Who is Bain Capital?

 
Headquartered in Boston, Bain Capital is known in the corporate buyout world for charging higher carried interest than average-30 percent rather than the standard 20 percent. Overall, its total assets under management were valued at $40 billion in 2007.

Read more about Bain Capital at BehindTheBuyouts.org.

Will our child care go the way of KB Toys?

KB Toys went bankrupt less than four years after being bought by Bain Capital, shutting down hundreds of stores and laying off thousands of employees, yet Bain Capital got a reported $85 million return on its $18 million investment. Not only did the initial buyout include $237 million in debt, but the company went even further into debt to fund a “dividend recapitalization”—approximately $121 million in payments to Bain Capital and KB Toys executives.

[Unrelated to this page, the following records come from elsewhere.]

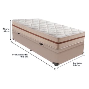 Cama Box Baú Bege e Colchão Classic 26 cm Molas ensacadas Solteiro Anjos
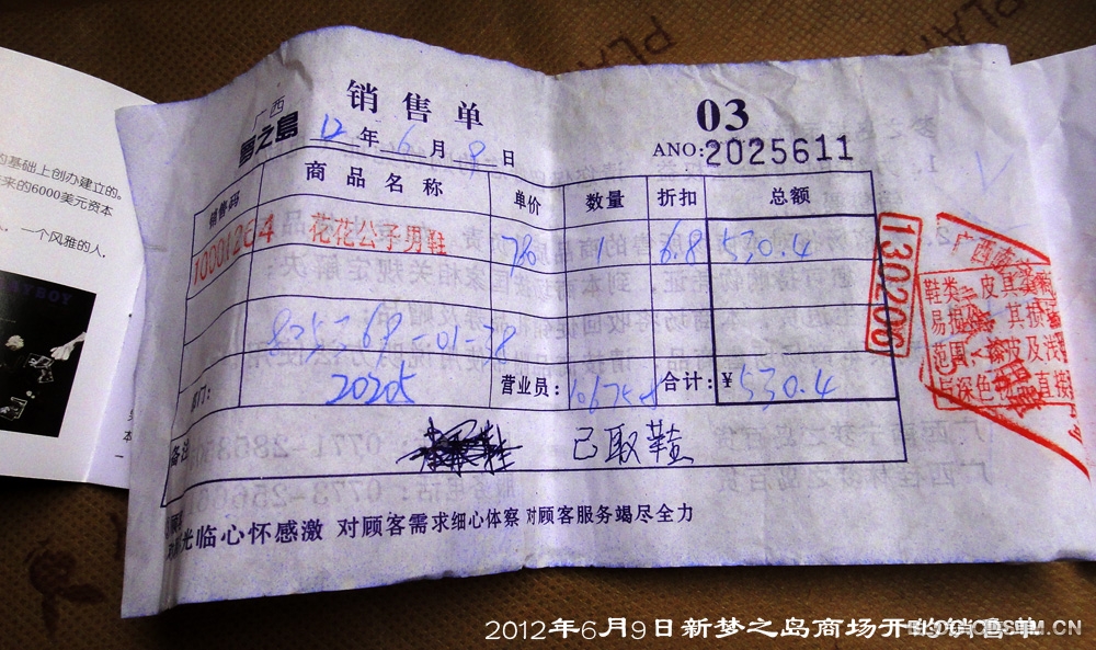 6月9日,我老伴在南宁新梦之岛商场买了双男装花花公子休闲鞋,标价780元,折后价530元。商家承诺3个月内出现质量问题可退货。
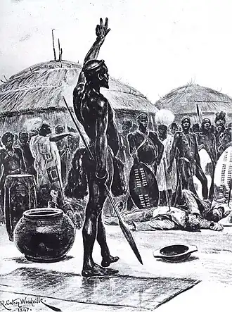 - ↑ Thomas B. Jenkinson: Amazulu: The Zulus, Their Past History, Manners, Customs, and Language (Amazulu: Los zulúes, su historia, sus modos, sus costumbres y su lengua). W.H. Allen (hoy, Virgin Boooks). 1884. Pág. 123 (n139).
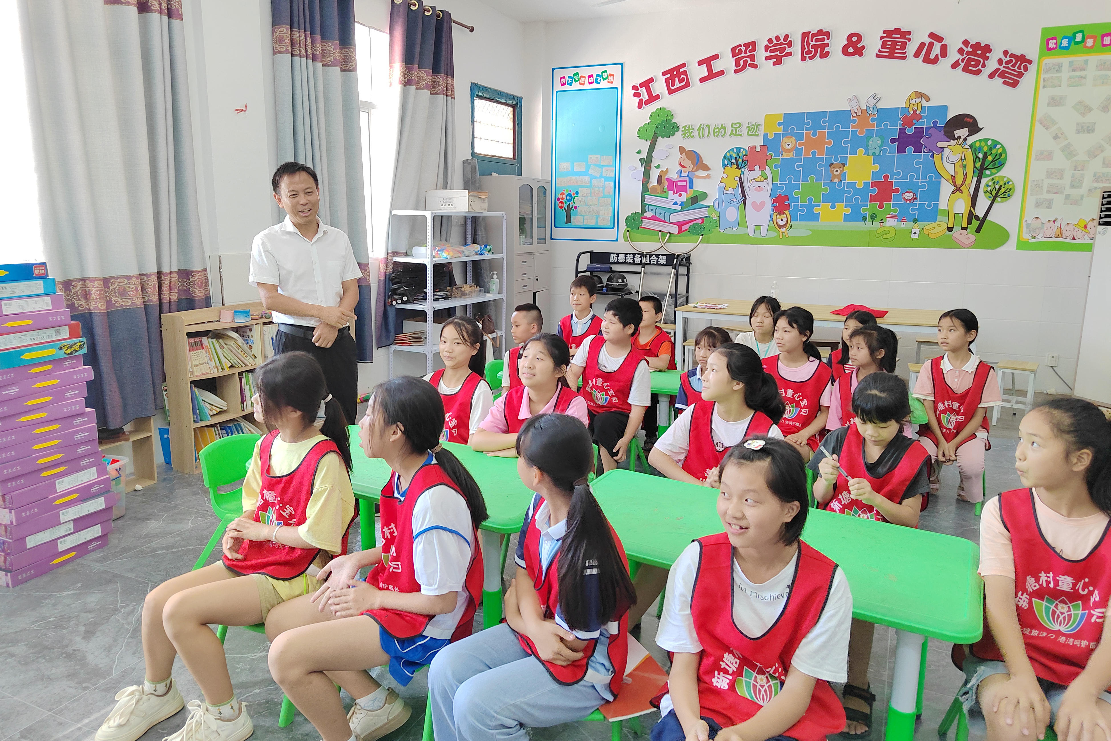 刘国红一行第一站直接走进童心港湾项目点,看望留守儿童们,勉励孩子们要树立远大志向,认真学习知识,听党话、感党恩、跟党走,爱祖国、爱人民、爱父母、爱家乡,不负美好时光,努力成长为能够担当民族复兴大任的时代新人,同时嘱咐驻村工作队要依托学院优势,完善关爱服务体系,帮助留守儿童健康成长。学院团委罗慧敏、黄雅萍两位老师现场与小朋友们互动交流,结合庆祝七一活动用歌唱红色、智力游戏、舞蹈碰队的方式,带小朋友们走进红色的、温暖的、有情的世界,鼓励孩子们传承红色基因,传播红色文化。
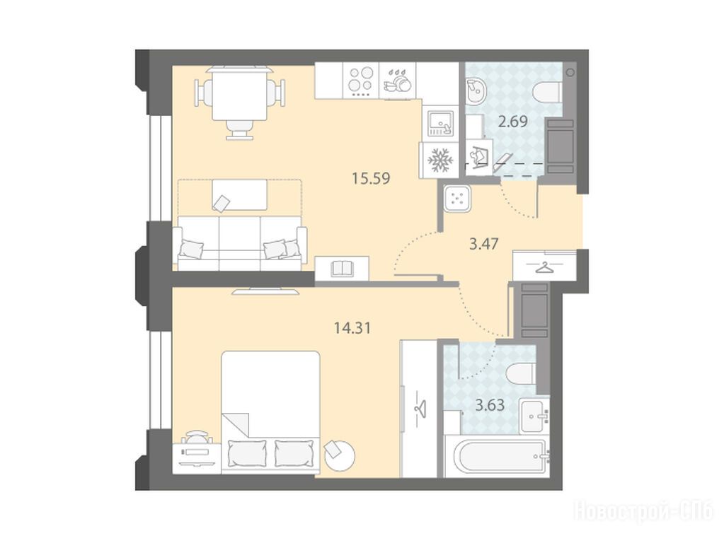 Продается однокомнатная квартира в новостройке ЖК «Цивилизация на Неве» по адресу Санкт-Петербург, Невский, Октябрьская набережная, 42Р. Общая площадь квартиры - 39.69 кв. м. Тип проекта, по которому построен дом — Монолитно-кирпичный, компания-застройщик — ООО «ЛСР. Недвижимость–Северо-Запад». Стоимость квартиры — 12 875 436 руб. Способы оплаты можно уточнить у продавца. Срок сдачи — 3 квартал 2027. Более подробная информация по телефону.
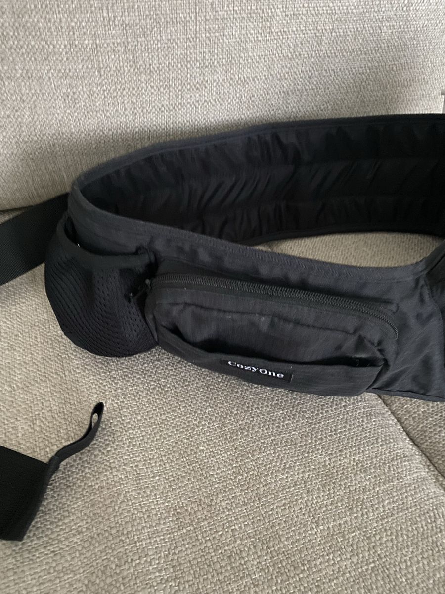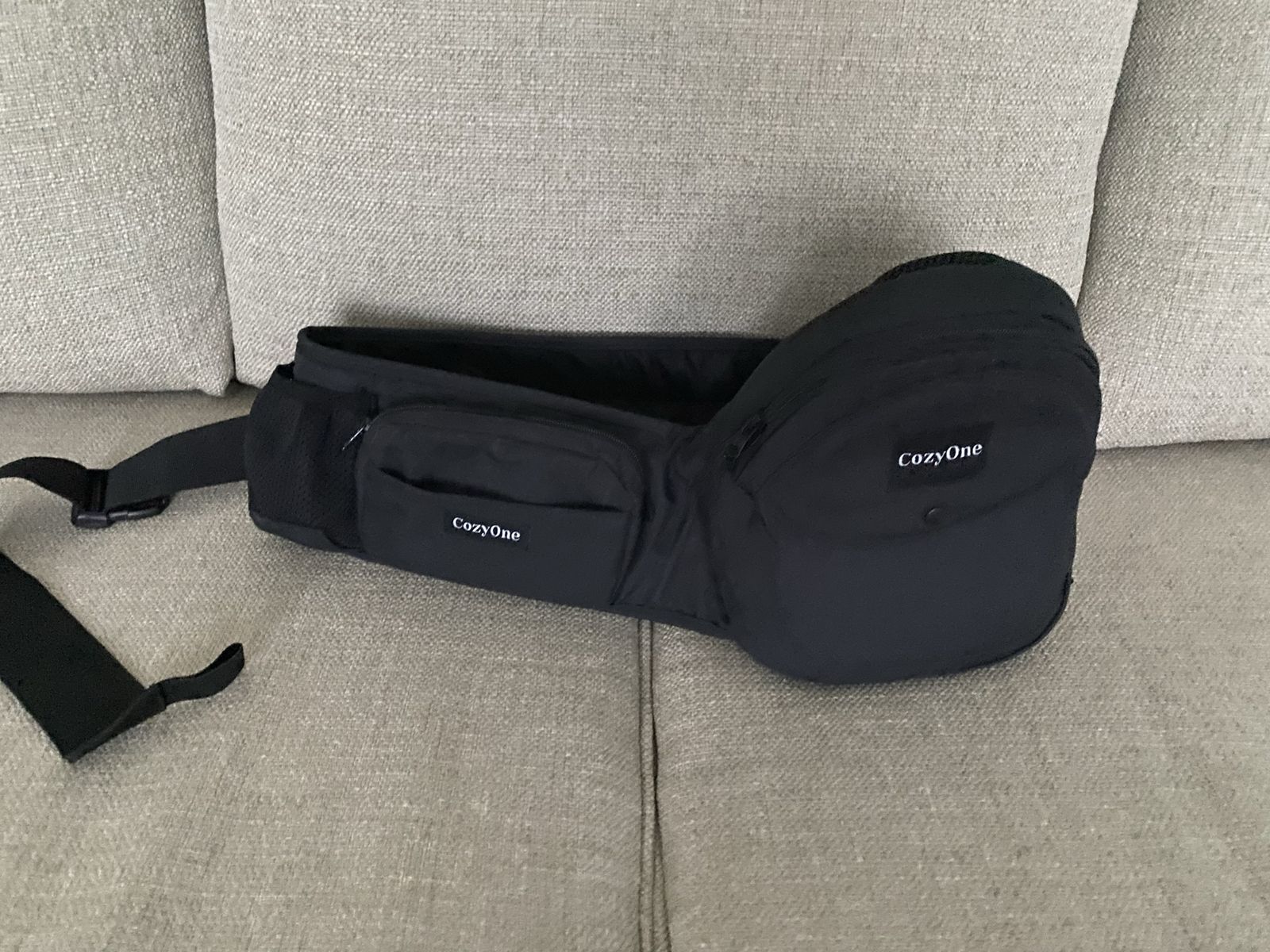 Black Cozy One Certified Bench Design Hip Seat Baby Carrier with Plenty Zipper Pockets. Like New Smoke Free Home Lightly Used at Grandparents House
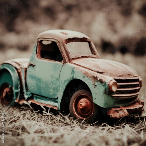 Vintage toy car on the ground in the park. Selective focus.

The Wall Street Journal’s Deal Journal describes dividend recapitalization:

“Under this procedure, a buyout firm’s portfolio company takes on additional debt, which it then uses to pay its buyout sponsor a dividend. That allows the buyout firm to take some of the risk of its equity investment off the table, while still owning the company—a win-win situation if there ever was one. Critics frown on these transactions, which they say needlessly burdens companies with debt without giving them any cash to finance their operations.


Neil Weinberg and Nathan Vardi wrote in Forbes in March 2006:

“In one get-rich-quick scheme, a dividend recap let Bain Capital turn an $18 million stake in faltering KB Toys into $85 million in cash—but left KB itself in much weaker shape. Bain put up $18 million and took on $237 million in debt to buy the company in December 2000. In April 2002 KB raised $66 million more in bank debt and used cash on hand to pay out $121 million in special dividends—$85 million for Bain and $36 million for senior executives who signed off on the recap. But KB went on to lose $109 million in less than two years, creditors say, filing for Chapter 11 protection in January 2004. Since then it has shut half of its 1,200 stores and laid off more than half of its 16,000 employees.